I took clippers to my head a year ago, it was like cold champagne on a hot day, giggly and freeing and hedonistic and devil-may-care and wonderful. and while I go to a salon now, they do something remarkably similar. I love the breeze on my neck. I love earrings. I love playing with short-hair-and-floaty-clothing. I love taking less than a minute to dry and style it. I love it. I love how people didn't know how to react to it. It was like announcing a pregnancy to the terribly awkward: "Was that... planned?" or the mistakenly tactful: "How do you, erm, feel about it?" - disapproval, horror, stoking my glee. I'm female, I'm even feminine sometimes. But the fact that I'm a woman is to do with my vulva and not my hair.
Idiots.
Also, for your amusement, I mis-read "I told her of my desire to have a shoot sometime, to make me feel sexy and special." as "my desire to shoot someone, to make me feel sexy and special" which was quite something to read on a Friday afternoon.

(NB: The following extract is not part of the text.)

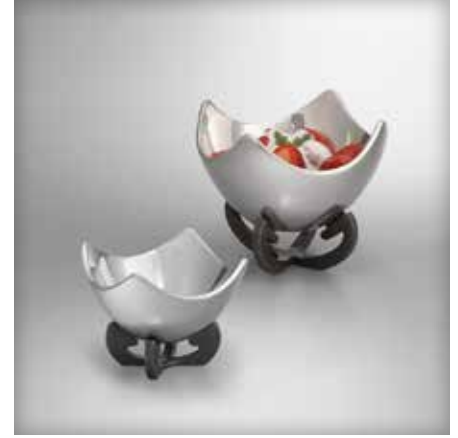
6741MB059 Anvil Scroll Bowl w/Base 9 1/2" D X 8 1/2" H (50 oz) 6741MB058 Anvil Scroll Bowl w/Base 7" D X 6" H (33 oz) 6741MB057 Anvil Scroll Bowl w/Base 5 1/2" D X 4 1/2" H (16 oz) DESIGNER Neil Cohen

I hope you have a fun weekend!
"my desire to shoot someone, to make me feel sexy and special"
There is something so sexy and alluring about feeling the wind on the nape of one's neck, and yes, it does feel freeing! Earings, dunno, I haven't quite found the right ones. My idea was to go a bit Edie Sedgewick, but let's just say there's a bit too much of me and it's been around too long for that to work;-) Short hair and floaty dresses, so, so feminine! But most of my wardrobe doesn't suit this haircut at all, so there's a real need to buy new clothes... shopping again! Who'd have thought transformation was so gruelling?